The document at the center of a lawsuit for Vice President Mike Pence’s emails has finally been released, but whether it will bring an end to the lawsuit remains to be seen.

What started as a 2014 records request has evolved into a lawsuit that could shape standards for government transparency in Indiana. The Indiana Supreme Court will decide whether or not to take up the case, which hinges on the released six-page document focused on legal strategies to fight against then-President Barack Obama’s executive order on immigration.

Greg Bowes, the lawyer on the other side, said he expected the document to contain specifics on legal 
strategy, especially since Pence fought so hard to keep it hidden. Instead, the document was fairly straightforward and outlined legal precedent to challenge Obama and expressing concern about executive overreach.

Officials from another state have released the document after two years of legal battles,t, which expresses concerns about Obama’s use of executive power. The state which released the documents is unknown, however, the files were leaked and then published by the website 
Rewire.

Pence’s lawyers think the document’s release should effectively end the case, but Bowes hopes the Supreme Court will recognize that the case isn’t just about the 
document.

“They want this case to be over,” Bowes said. “But we want the Supreme Court to rule on attorney-client privilege and deliberative materials in a way that promotes government transparency.”

In 2014, then-Gov. Pence was considering hiring private legal counsel to join a lawsuit against Obama over his immigration order. Indianapolis labor lawyer William Groth filed a records request for materials relating to Pence’s decision to hire private counsel. The documents Pence turned over were heavily redacted and didn’t include the six-page document prepared by the Texas Attorney General’s office.

Pence cited attorney-client privilege when he withheld the document, although he had not hired any legal counsel when he first received it.

“The unchecked expansion of executive authority wielded by President Obama threatens the constitutional balance of power,” the document reads. “If unchallenged, the President’s actions threaten to forever change the Nation’s constitutional 
foundation.”

The lawsuit against President Obama is anchored in the “Take Care” clause in the Constitution, which says the president “will faithfully execute Congress’s laws — not rewrite them under the guise of executive “discretion,”” the document states. It outlines several cases in United States history where the Supreme Court applied the clause to the president.

Bowes said the document’s central argument is somewhat ironic because Pence’s lawyers used arguments that favor expansion of executive power to keep it from the public.

In the ensuing lawsuit from the records request, Groth v. Pence, trial and appellate judges sided with Pence, but they took issue with Pence’s assertion that the judiciary had no right to force him to hand over documents, in which he cited a clause in the Indiana Constitution about separation of powers. He argued judicial intervention would interfere with the function of the Indiana executive branch.

“Both Obama’s and Pence’s arguments say executive power should have fewer and fewer limitations,” Bowes said. “But it is hypocritical to Pence to join the lawsuit complaining about Obama’s overreach and then assert executive authority to keep something secret from the public.”

Bowes had asked the Supreme Court to remand the case to trial court in light of Pence’s AOL email scandal, but after the six-page document was released last week, Pence’s lawyers filed their own motion, arguing the case was moot since the document at the case’s core was made public.
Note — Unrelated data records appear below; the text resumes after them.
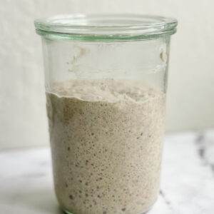 Day One: To a clean jar, add 100g whole rye flour and 125g warm water (about 95°F). Stir until fully combined and there are no dry bits. Loosely cover and let sit for 24 hours.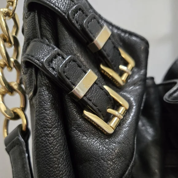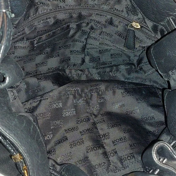 Michael Kors black Leather BagGorgeous Soft Black Leather BagApprox Meas: 12" W x11" H2 Straps: shorter one has approx 8.5" strap dropLonger one has approx 16" strap drop and isremovableGold Tone HardwareMagnetic Snap Top ClosureInterior: 1 zippered wall pocket, 4 slip in wall pocketsGreat condition with a few small scuffs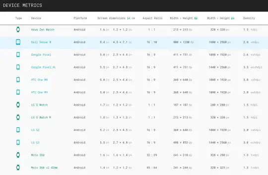 Based off this answer from Lucas Cerro I calculated the dimensions using the ratios in the Android docs, using the baseline in the answer. I hope this helps someone else coming to this post!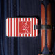 NewParkLane - Travel in style with this classic personalized luggage tag, with a red frame for your name and monogram, against a red and white striped background. Easy to customize in Zazzle with your own text for a personalized design. All text styles, colors & sizes can be modified to fit your needs.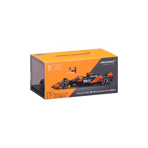 Bburago modely závodních vozů Formule 1 v měřítku1:43 z kolekce RACE jsou sbírkou krásného designu s vysokým důrazem na přesnost detailů. Formule ze stáje McLaren MCL38 (2024) ve speciální Senna Edition s autentickými detaily závodního vozu a helmy jezdce. Modely jsou vyrobeny z litého kovu s plastovými detaily. Každý z modelů v klasickém závodním designu je umístěn v dekorativním akrylovém boxu. Díky dekorativnímu boxu je tento model skvělým sběratelským kouskem a dárkem pro každou příležitost. Nevhodné pro děti do 3 let. Rozměry balení: 6,7 x 14,7 x 7,5 cm. Věk: 14+

Bowes responded with another motion, arguing the case was too significant to drop now, even in light of the document’s release.

“I think in general that this particular document is exactly what the public records law anticipates the people being allowed to see,” Bowes said. “Nothing in there proves they had any right to keep it secret.”

He pointed out that all the arguments from the document were used publicly by Pence’s lawyers in court, making it all the more confusing that they had fought to keep it hidden.